How to Avoid Letting Flashy Data Obscure Real B2B Sales Leads

newspapers lined up

The rise of digital marketing means B2B PR has fast become a means for lead generation. This has led to a rise in demand from the C-suite to prove PR's value, especially as the coronavirus squeezes budgets.

It’s not a secret that well-placed thought leadership articles can drive leads. But communicating the value of thought leadership placements to the C-suite is an area where many PR pros fall short.

One issue is that too many communicators see high unique visitors per month (UVPM) and audience figures as the holy grail when choosing target publications. Yet a publication's high UVPM doesn’t guarantee that the audience you covet will read your story. In addition, failing to look beyond these figures can mean missing out on key B2B buying personas.

UVPM isn’t everything…
High UVPM figures do not always equal top-quality B2B leads. Take an influential business, or national, publication such as the Times of London (UVPM/circulation 11m) or The Wall Street Journal (UVPM/circulation 23m).

My parents' generation makes up the Times' UVPM numbers–they avidly read its current affairs and reviews of restaurants and theatre. As far as I know, they are not looking to make a half million-dollar investment in a software system that will improve a company’s bottom line.

…and quality is better than quantity
Look at newswires, a classic example of quantity over targeted quality. Distributing a story via newswire creates good background noise. Just Google keywords from a newswire distribution. You're likely to see the story pasted on 20+ websites you've never heard of.

Domain authority and SEO are attractive...

A trending topic in B2B marketing is using backlinks and keywords in placed PR content to improve SEO. The need for figures and leads sometimes can cause B2B organizations to lose sight of one of the core principles of a PR campaign–finding key buying personas and engaging with this select target audience by marrying brand messaging to key industry topics.

A target-buying persona is not a number, but a person with a job title who has read your content. The industry is beginning to recognize the need for a deeper dive here.

...yet small UVPMs can deliver big 
A mix of personas-decision makers, influencers and ratifiers make buying decisions, particularly big B2B ones. Key to the decision is trust with the supplier.  This is gained and earned many ways through the sales funnel. Careful and targeted placement of thought leadership, opinion and topical industry articles and interviews in targeted media brings that coveted third-party endorsement. In turn, this builds trust. Those media outlets do not necessarily get the gongs for numbers or readers.

A couple of examples:

A software firm identified a potential opportunity with the Navy. A firm executive wrote a thought leadership that looked at the level of software support required to maintain warships. Next, a targeted list of Navy publications was assembled–fewer than 10 were on the hit list. Their combined readership was not more than 150,000.
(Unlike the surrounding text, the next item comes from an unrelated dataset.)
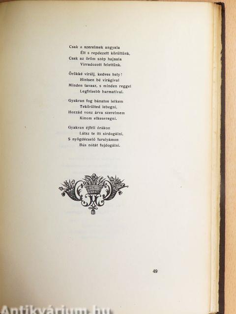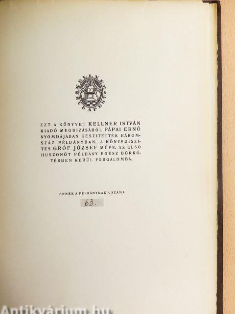 | Megjegyzés: | Fekete-fehér illusztrációkkal díszített kiadás. Ezt a könyvet Kellner István kiadó megbízásából Pápai Ernő nyomdájában készítették háromszáz példányban. A könyvdíszítés Gróf József műve. Az első huszonöt példány egész bőrkötésben kerül forgalomba. Számozott kiadás. |

A placement of the thought-leadership article in one of the publications packed a huge punch. Shortly after the article appeared, a military procurement expert contacted the executive to speak at an event. It was filled with influential Navy personnel. Circulation and UVMP of the publication was fewer than 45,000.

Another example. An interview with a fintech company's CEO was placed in a highly respected, subscription-only banking and payments weekly. Days after the interview appeared, the CEO took a call from a Mastercard exec to discuss a strategic partnership. The weekly's circulation and UVPM combined: just 20,000.

Let buying personas guide your strategy, not numbers
Domain authority and UVPM can be useful for boosting SEO, but these values alone cannot guarantee valuable leads. A successful PR strategy should contain a mixture of digital marketing approaches.  Targeting niche publications for specific buying personas should be part of every strategy.

Marketers who look beyond the vanity of high figures and focus on target audiences' needs will find their content marketing effort generates more leads–and the value of their communication departments easier to demonstrate.